● WORK REQUEST
For this exercise, output the entries below exactly from the line that holds "张楠烈士灵柩被抬下飞机" to the line that holds "С мамой на отдыхе в Кисловодске.", both ends included. No pictures belong in the copy.

─── THE RECORDS

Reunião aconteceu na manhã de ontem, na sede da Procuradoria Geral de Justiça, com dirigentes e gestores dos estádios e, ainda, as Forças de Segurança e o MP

──────
─── THE RECORDS

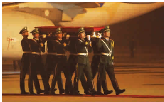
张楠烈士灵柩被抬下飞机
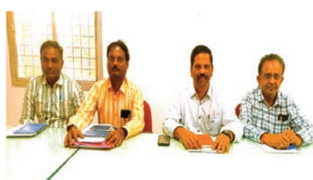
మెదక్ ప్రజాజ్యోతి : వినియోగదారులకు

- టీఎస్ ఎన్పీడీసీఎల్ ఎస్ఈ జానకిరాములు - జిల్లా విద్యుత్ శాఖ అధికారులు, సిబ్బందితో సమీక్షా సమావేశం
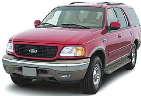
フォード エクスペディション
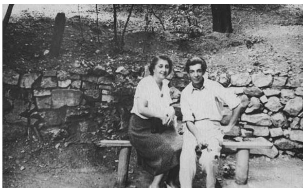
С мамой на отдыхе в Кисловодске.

──────

● ANSWER BOX
张楠烈士灵柩被抬下飞机
మెదక్ ప్రజాజ్యోతి : వినియోగదారులకు

- టీఎస్ ఎన్పీడీసీఎల్ ఎస్ఈ జానకిరాములు - జిల్లా విద్యుత్ శాఖ అధికారులు, సిబ్బందితో సమీక్షా సమావేశం
フォード エクスペディション
С мамой на отдыхе в Кисловодске.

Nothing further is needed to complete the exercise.